I have heard somewhere that the photographer has much more impact on the resulting image quality than the camera. If this conjecture is true, wouldn't it make shopping by camera specs much more rational than by picture samples?

Perhaps you can title equipment ruminations "Seeking Experience".

It's amazing how powerful vindication feels, isn't it. I've been saying for years that a real estate crash was coming. I said it for example to my sisters when both of them independently tried to convince me to invest in real estate a couple of years back.

So now that it is here, I'm astounded that it makes me feel *good* to be proven right, even in the face of the misery the crash is creating.

(Although not as much as it would have created had the house prices continued to rise 15% per year. It *had* to burst. And they are still overvalued, it will fall more.)

Damn, I'm just realizing that this phenomenon surely also works in my business. I sell girly-pictures (the "joyful nudes" banner on this page), and my site has five updates per week for members. I think this is about as much as anybody can really keep track of. But some of my competitors has three updates *daily*! and they are much richer than I am. The spec is higher. (Also one of their updates can be a gigabyte, whereas one of mine is maybe 20MB.)

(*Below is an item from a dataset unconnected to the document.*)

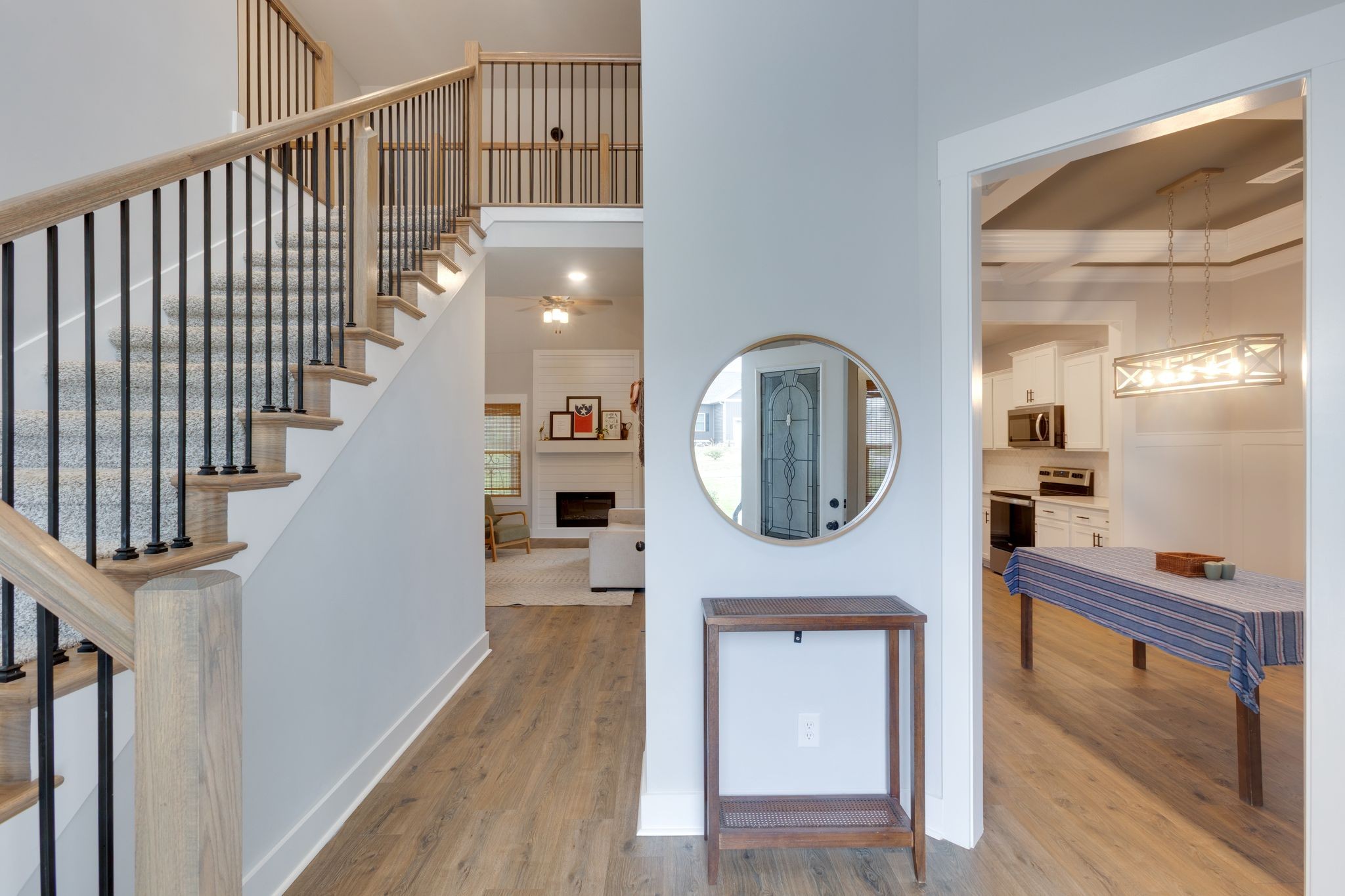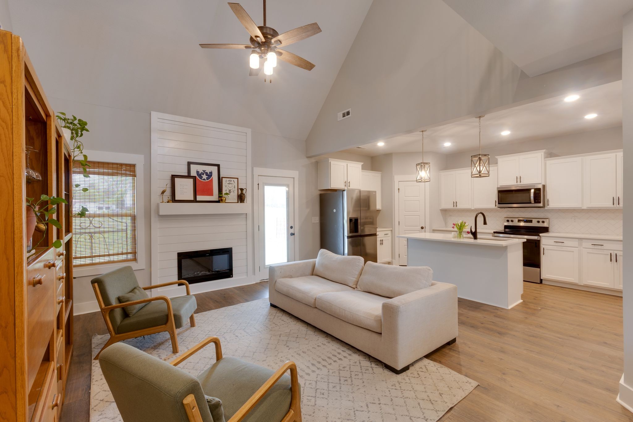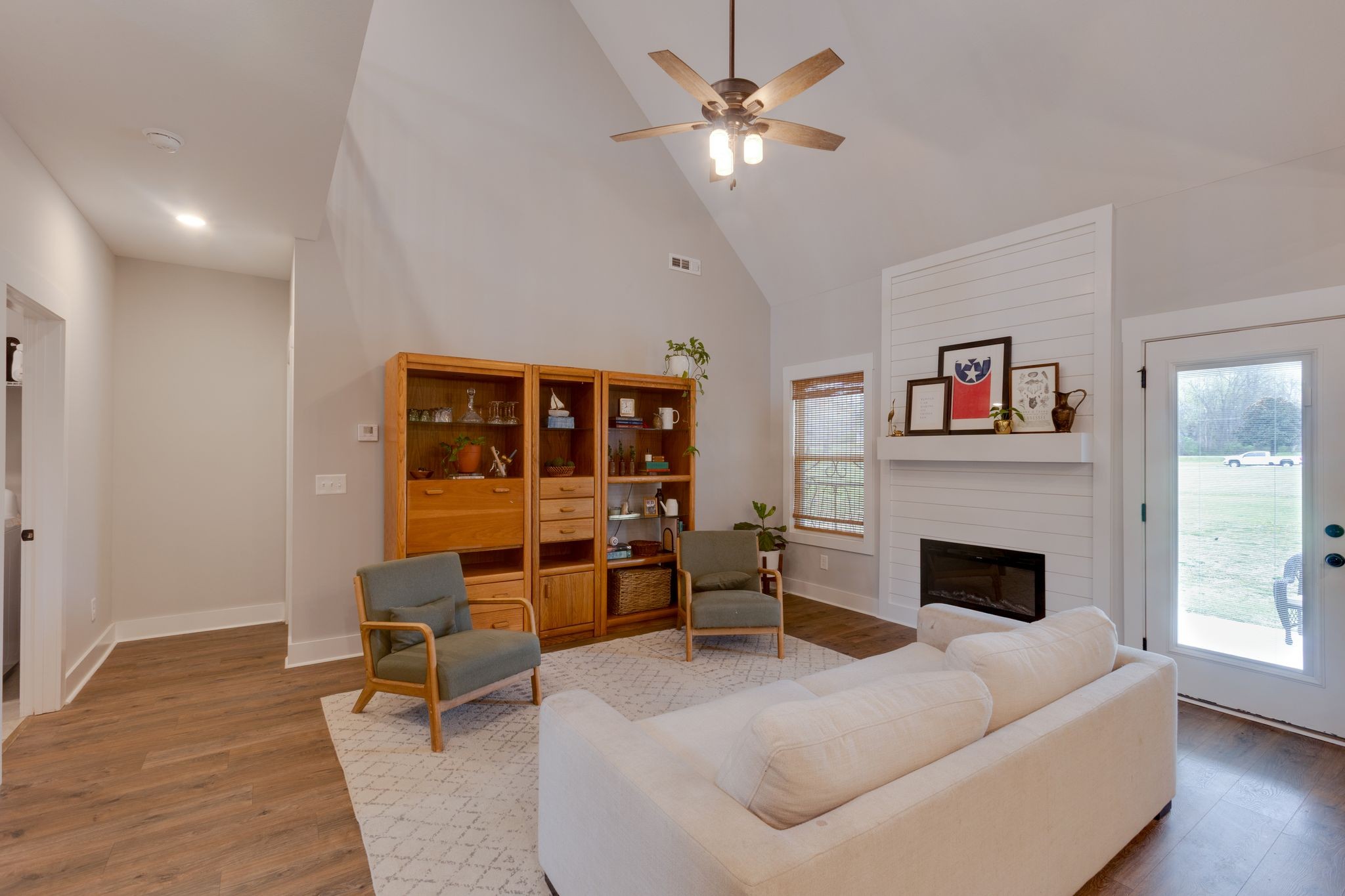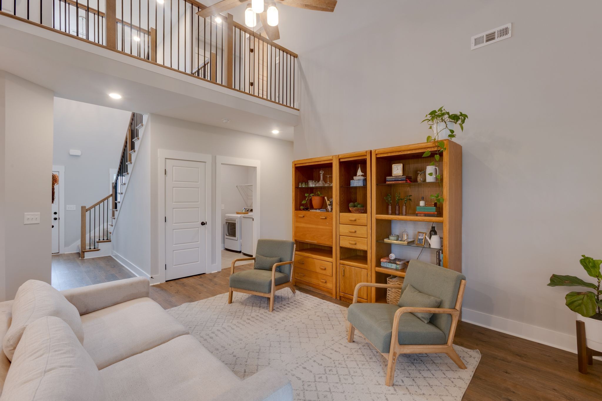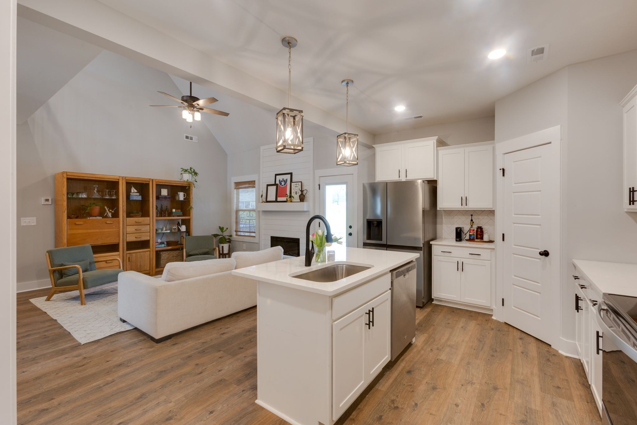 Stunning 2022-built home offering modern finishes and thoughtful updates throughout. The open-concept main level features a soaring living room ceiling that flows into a kitchen with stainless appliances, quartz countertops and a roomy pantry – Perfect for everyday living and entertaining. The main floor primary suite is a private retreat with a generous primary bath and walk in closet. Upstairs, the homeowners have smartly finished the walk-in attic space into a fun, flexible 20x17 bonus room. This room has luxury vinyl flooring and a nice walk in closet. Ideal space as a playroom, media room or home office. Clean lines, contemporary material and a functional layout make this home move-in ready. Schedule your showing today to see all the features and possibilities in person. 10 mins off the Hwy 96 - interstate 40 exit.

I'm downgrading from a 5D to 6 MP DSLRs and just avoiding low light, or accepting blur... Well, um, maybe I'll keep the 5D and just buy a lot of old DSLRs as "backups".

I like buying old, well-handled equipment. What can I say?

Reminds me of the article in Time magazine several years back announcing the groundbreaking discovery that men and women really are different. Again, we have research to prove the obvious.

To me, it's readily apparent that there are basically two groups standing under the umbrella of photography (especially online): those whose obsession is photography, and those whose obsession is photography equipment. At first there appears to be a lot of crossover between the two groups, but if you read the posts, and view the work, it rather quickly becomes apparent onto which side one falls. Those obsessed with equipment will always be chasing the numbers, and if that's what thrills their soul, so what?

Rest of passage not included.